Australian student to take university to court for suspending him for Hong Kong, Tibet activism

June 2, 2020 12:14 am0 commentsViews: 284

Drew Pavlou, philosophy student at the University of Queensland in Brisbane, Australia. (Photo courtesy: FB/DP)

(TibetanReview.net, Jun01’20) – A student who has been suspended by the University of Queensland in Brisbane, Australia, for two years for misconduct because of his activism in support of support of Hong Kong and Tibet has said he will file an appeal to the Supreme Court. The suspension of philosophy student Drew Pavlou, 20, came just six months prior to his graduation. The suspension order covers the remainder of his term as a student-elected member of UQ’s governing Senate, reported westcoastsentinel.com.au Jun 1.

The report said Mr Pavlou faced a disciplinary hearing last month over misconduct allegations detailed in a confidential 186-page document, reportedly linked to his on-campus activism against the Chinese Communist Party.

“I want a total, complete exoneration,” Mr Pavlou was reported to have told ABC radio.

“I want the university to publicly apologise to me. I want to take it to the Supreme Court so we can absolutely tear them to shreds because it’s a politically-motivated farce.”

The university’s Chancellor Peter Varghese has expressed concern about the disciplinary hearing’s outcome and will convene an out-of-session meeting of the university’s Senate to discuss the case.

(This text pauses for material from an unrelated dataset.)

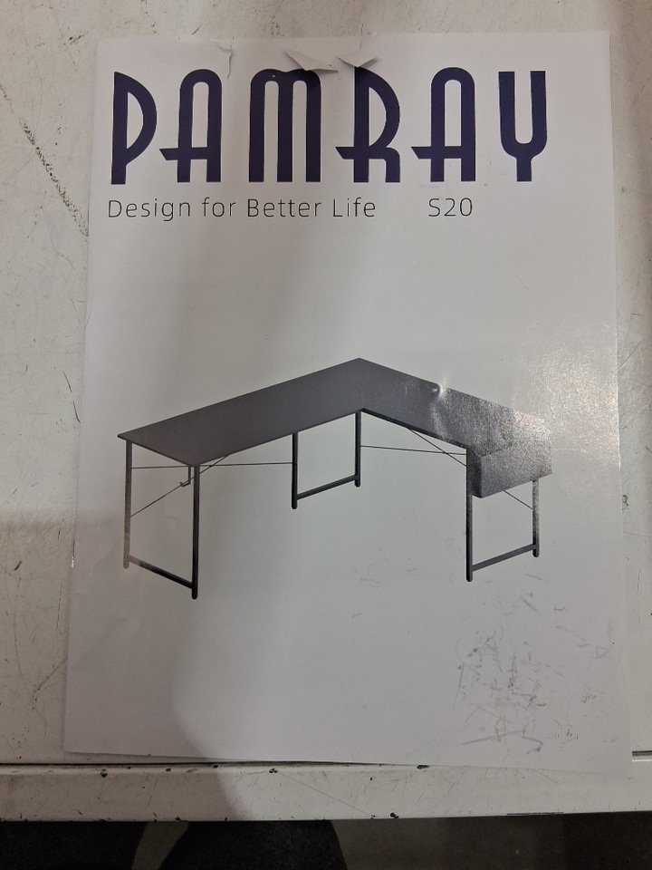 Pamray Reversible L Shaped Corner Gaming Computer Desk with Storage Bag - 64.5" x 47" x 29"- white

“There are aspects of the findings and the severity of the penalty which personally concern me,” he was quoted as saying in a statement on May 29.

The report noted that the university had faced media scrutiny for its relations with the Chinese government, which has co-funded four courses offered by it.

The institution is also home to one of Australia’s many Confucius Institutes – Beijing-funded education centres which many critics warn promote propaganda and have faced ignominious closure in many countries.

The report noted that last year Mr Pavlou organised an on-campus demonstration supporting Hong Kong independence activists. It ended in confrontation, with Mr Pavlou and his supporters surrounded by pro-Chinese students chanting and singing China’s national anthem.

“Drew’s methods may be provocative, but he has brought scrutiny to questionable partnerships between the University of Queensland and Chinese government entities,” Elaine Pearson, the Australian director of Human Rights Watch, was quoted as saying.

Pearson felt that the university should put its energy into addressing Chinese government interference on university campuses.